• **Exercise materials**:
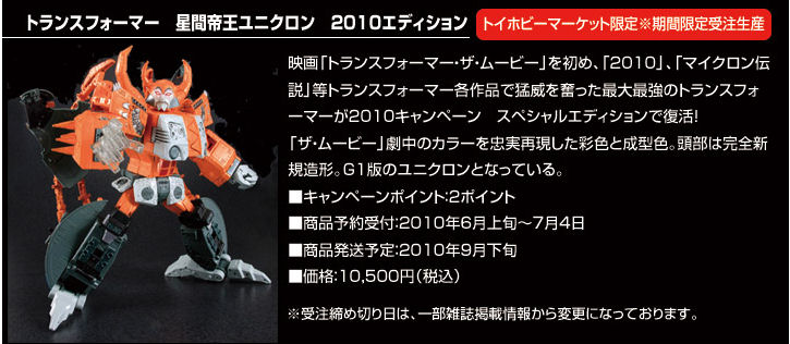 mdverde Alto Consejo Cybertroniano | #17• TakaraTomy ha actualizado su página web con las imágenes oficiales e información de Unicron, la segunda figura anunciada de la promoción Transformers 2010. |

--

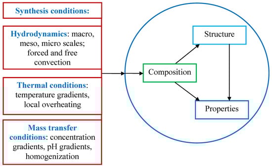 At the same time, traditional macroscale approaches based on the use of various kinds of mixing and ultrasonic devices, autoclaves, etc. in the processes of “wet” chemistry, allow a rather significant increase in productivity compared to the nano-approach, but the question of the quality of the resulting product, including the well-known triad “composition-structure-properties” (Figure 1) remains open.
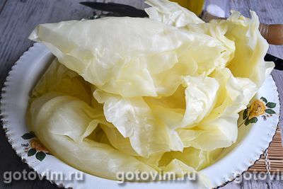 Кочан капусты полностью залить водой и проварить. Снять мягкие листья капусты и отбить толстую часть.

• **Required work**:
Copy exactly the lines of the listing above between the one holding "At the same" and the one holding "Кочан капусты полностью", inclusive; omit all pictures.

• **Response to this task**:
 At the same time, traditional macroscale approaches based on the use of various kinds of mixing and ultrasonic devices, autoclaves, etc. in the processes of “wet” chemistry, allow a rather significant increase in productivity compared to the nano-approach, but the question of the quality of the resulting product, including the well-known triad “composition-structure-properties” (Figure 1) remains open.
 Кочан капусты полностью залить водой и проварить. Снять мягкие листья капусты и отбить толстую часть.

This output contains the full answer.